Problem requirements: Return each entry word for word and skip its pictures.

===

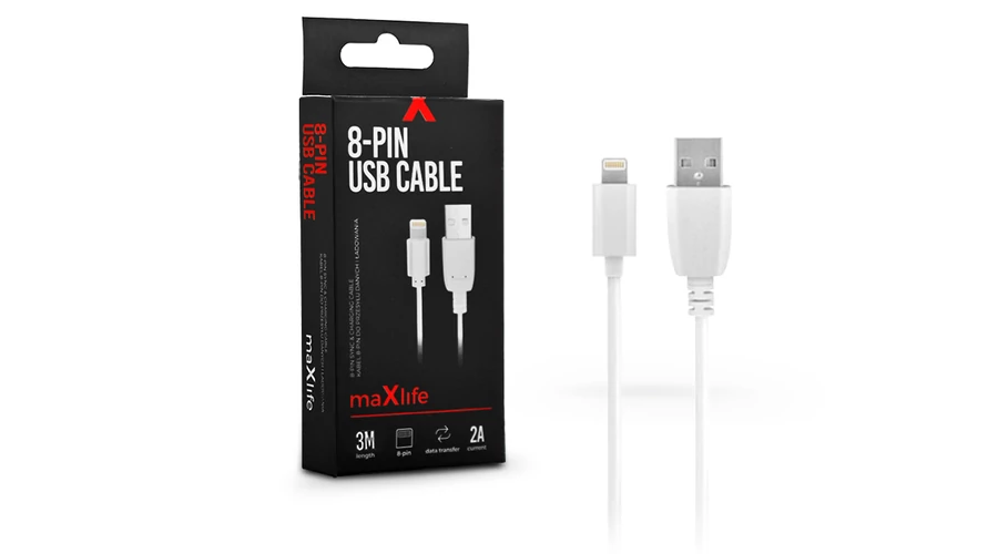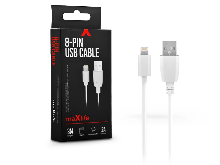 Maxlife USB - Lightning adat- és töltőkábel 3 m-es vezetékkel - Maxlife 8-PIN USB Cable - 5V/2A - fehér
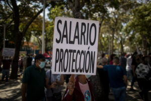 Unos 60 trabajadores protestaron este miércoles en Caracas para exigirle a Nicolás Maduro mejoras en sus condiciones laborales, con un salario que sea «suficiente», y respeto al convenio colectivo.
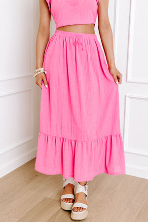 Bonbon Textured Ruffle Trim Crop Top and Drawstring Skirt Set
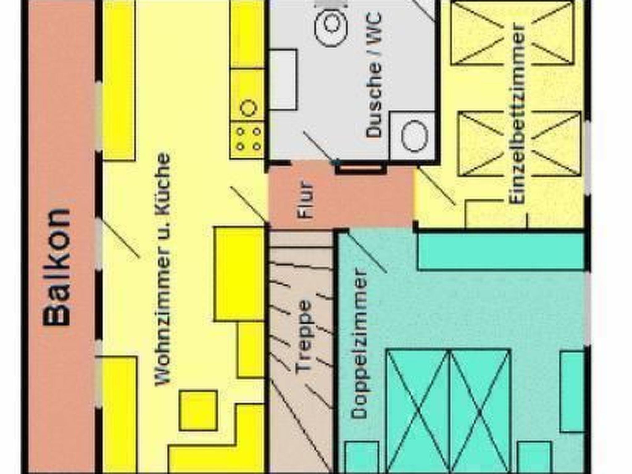 Our 55 square metre holiday flat is comfortably furnished and invites you to feel at home. A cosy living room with an inviting seating area awaits you, ideal for relaxing after a day in the great outdoors. Two bedrooms, one with a double bed and the other with two single beds, offer enough space for up to four guests. The fully equipped kitchen with dishwasher allows you to prepare your own meals. A balcony, a high chair for children, an extra bed and a flat-screen TV with satellite programmes round off the offer.
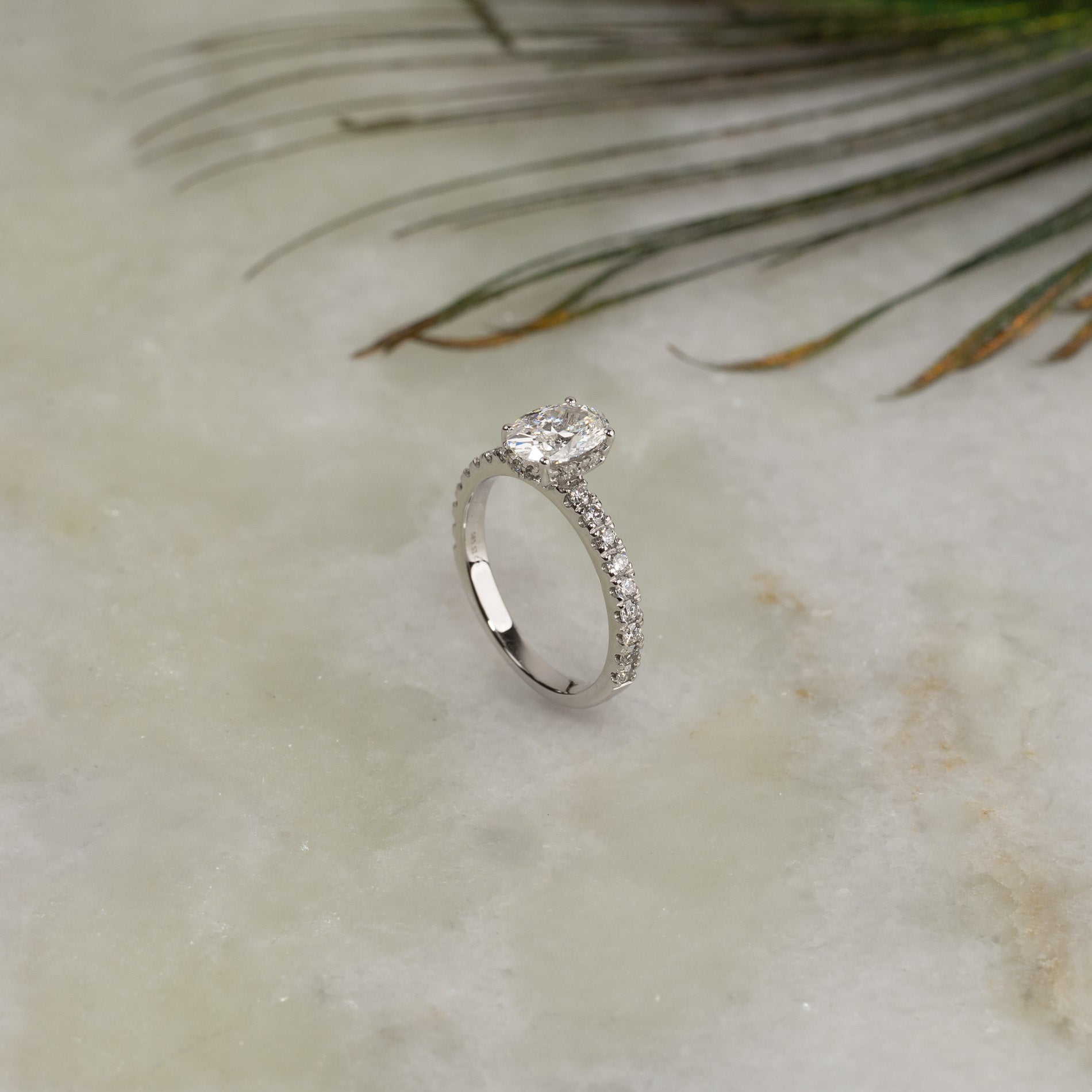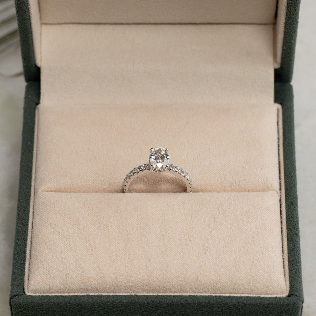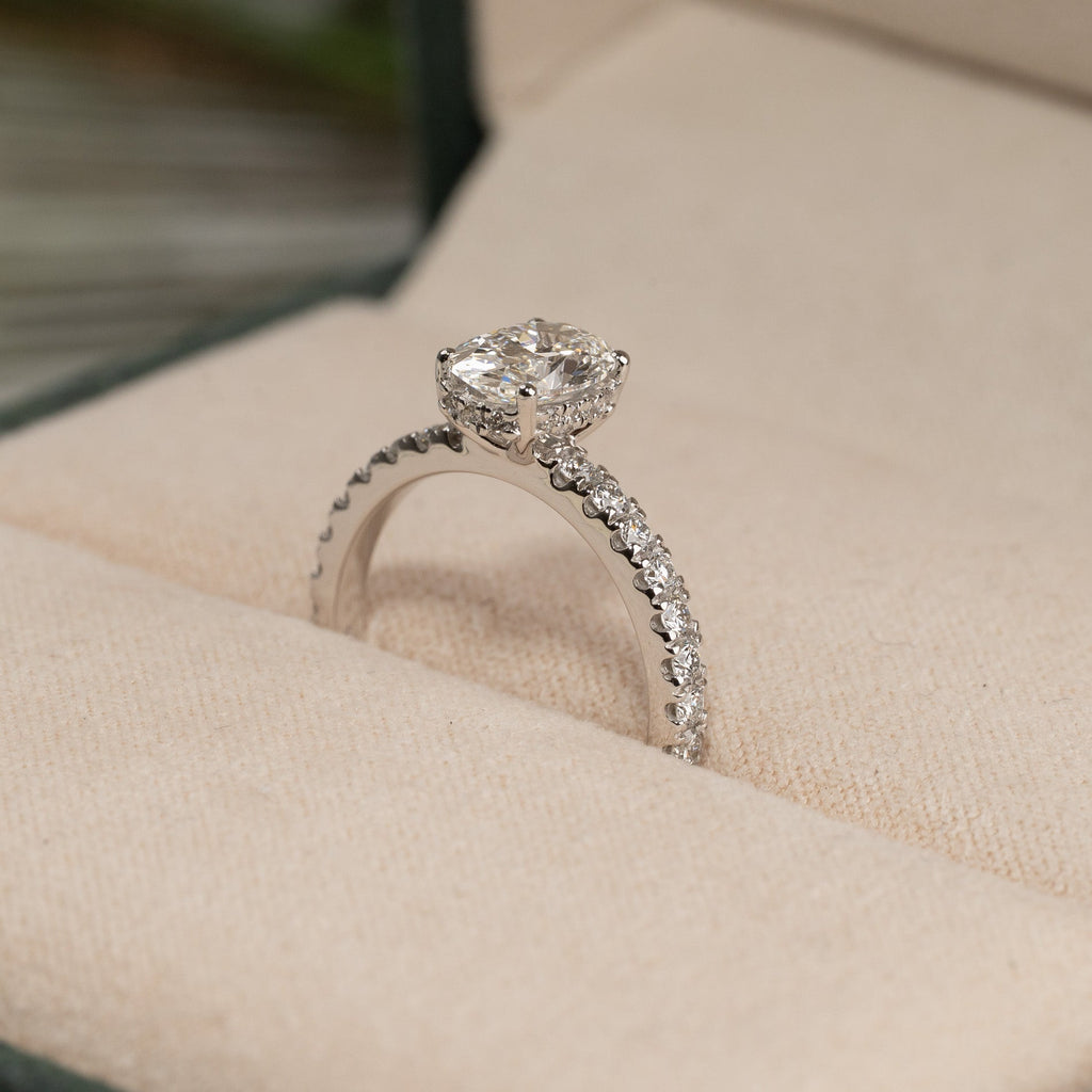Vakker ring i 14 karat hvitt gull med lab-grown diamanter. Ringen har en 1,0 ct. oval-slepen diamant som midtstein, elegant innfattet med en hidden halo, en krans av små diamanter som omkranser midtsteinen på selve innfatningen. I tillegg er ringen besatt med diamanter på den øvre halvdelen av ringskinnen, noe som fullfører designet og gir et harmonisk og strålende uttrykk.
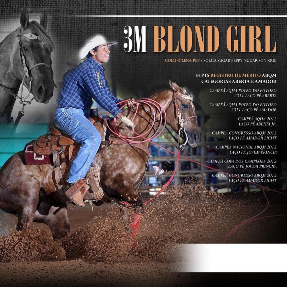 Sua mãe, 3M BLOND GIRL foi uma craque com 48,00 pontos na ABQM, sendo Bi Campeã do Congresso ABQM em Laço Pé, Campeã Nacional e Copa dos Campeões ABQM em Laço Pé, etc. Mãe de campeões com destaque para:

===

Response:
 Maxlife USB - Lightning adat- és töltőkábel 3 m-es vezetékkel - Maxlife 8-PIN USB Cable - 5V/2A - fehér
 Unos 60 trabajadores protestaron este miércoles en Caracas para exigirle a Nicolás Maduro mejoras en sus condiciones laborales, con un salario que sea «suficiente», y respeto al convenio colectivo.
 Bonbon Textured Ruffle Trim Crop Top and Drawstring Skirt Set
 Our 55 square metre holiday flat is comfortably furnished and invites you to feel at home. A cosy living room with an inviting seating area awaits you, ideal for relaxing after a day in the great outdoors. Two bedrooms, one with a double bed and the other with two single beds, offer enough space for up to four guests. The fully equipped kitchen with dishwasher allows you to prepare your own meals. A balcony, a high chair for children, an extra bed and a flat-screen TV with satellite programmes round off the offer.
Vakker ring i 14 karat hvitt gull med lab-grown diamanter. Ringen har en 1,0 ct. oval-slepen diamant som midtstein, elegant innfattet med en hidden halo, en krans av små diamanter som omkranser midtsteinen på selve innfatningen. I tillegg er ringen besatt med diamanter på den øvre halvdelen av ringskinnen, noe som fullfører designet og gir et harmonisk og strålende uttrykk.
 Sua mãe, 3M BLOND GIRL foi uma craque com 48,00 pontos na ABQM, sendo Bi Campeã do Congresso ABQM em Laço Pé, Campeã Nacional e Copa dos Campeões ABQM em Laço Pé, etc. Mãe de campeões com destaque para:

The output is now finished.